To overcome the current limitations, developers have introduced the Self-Attention Guidance method, a more general formulation of diffusion guidance that does not rely on the external information from diffusion guidance, thus facilitating a condition-free and flexible approach to guide diffusion frameworks. The approach opted by Self-Attention Guidance ultimately helps in enhancing the applicability of the traditional diffusion-guidance methods to cases with or without external requirements. 

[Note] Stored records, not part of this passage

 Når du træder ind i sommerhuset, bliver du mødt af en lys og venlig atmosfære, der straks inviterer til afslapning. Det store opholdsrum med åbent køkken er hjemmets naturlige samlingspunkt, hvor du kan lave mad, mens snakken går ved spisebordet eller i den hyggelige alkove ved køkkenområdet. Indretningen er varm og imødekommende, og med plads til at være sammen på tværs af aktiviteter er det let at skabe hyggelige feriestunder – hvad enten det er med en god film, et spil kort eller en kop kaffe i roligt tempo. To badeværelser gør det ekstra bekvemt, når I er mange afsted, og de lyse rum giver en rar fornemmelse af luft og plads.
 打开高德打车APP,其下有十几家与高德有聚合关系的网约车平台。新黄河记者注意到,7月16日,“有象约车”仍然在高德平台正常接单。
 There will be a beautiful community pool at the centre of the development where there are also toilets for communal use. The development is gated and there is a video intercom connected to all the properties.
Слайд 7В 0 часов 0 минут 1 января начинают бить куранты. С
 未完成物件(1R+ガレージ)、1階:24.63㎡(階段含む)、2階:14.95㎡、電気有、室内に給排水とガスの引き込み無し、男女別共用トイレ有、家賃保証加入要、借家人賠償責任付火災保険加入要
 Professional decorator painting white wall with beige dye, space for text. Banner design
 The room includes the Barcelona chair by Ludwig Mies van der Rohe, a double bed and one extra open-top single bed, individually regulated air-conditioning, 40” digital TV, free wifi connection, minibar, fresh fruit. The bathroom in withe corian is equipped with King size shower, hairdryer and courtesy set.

Self-Attention Guidance is based on the simple principle of generalized formulation, and the assumption that internal information contained within intermediate samples can serve as guidance as well. On the basis of this principle, the SAG method first introduces Blur Guidance, a simple and straightforward solution to improve sample quality. Blur guidance aims to exploit the benign properties of Gaussian blur to remove fine-scale details naturally by guiding intermediate samples using the eliminated information as a result of Gaussian blur. Although the Blur guidance method does boost the sample quality with a moderate guidance scale, it fails to replicate the results on a large guidance scale as it often introduces structural ambiguity in entire regions. As a result, the Blur guidance method finds it difficult to align the original input with the prediction of the degraded input. To enhance the stability and effectiveness of the Blur guidance method on a larger guidance scale, the Self-Attention Guidance attempts to exploit the self-attention mechanism of the diffusion models as modern diffusion models already contain a self-attention mechanism within their architecture. 

With the assumption that self-attention is essential to capture salient information at its core, the Self-Attention Guidance method uses self-attention maps of the diffusion models to adversarially blur the regions containing salient information, and in the process, guides the diffusion models with required residual information. The method then leverages the attention maps during diffusion models’ reverse process, to boost the quality of the images and uses self-conditioning to reduce the artifacts without requiring additional training or external information. 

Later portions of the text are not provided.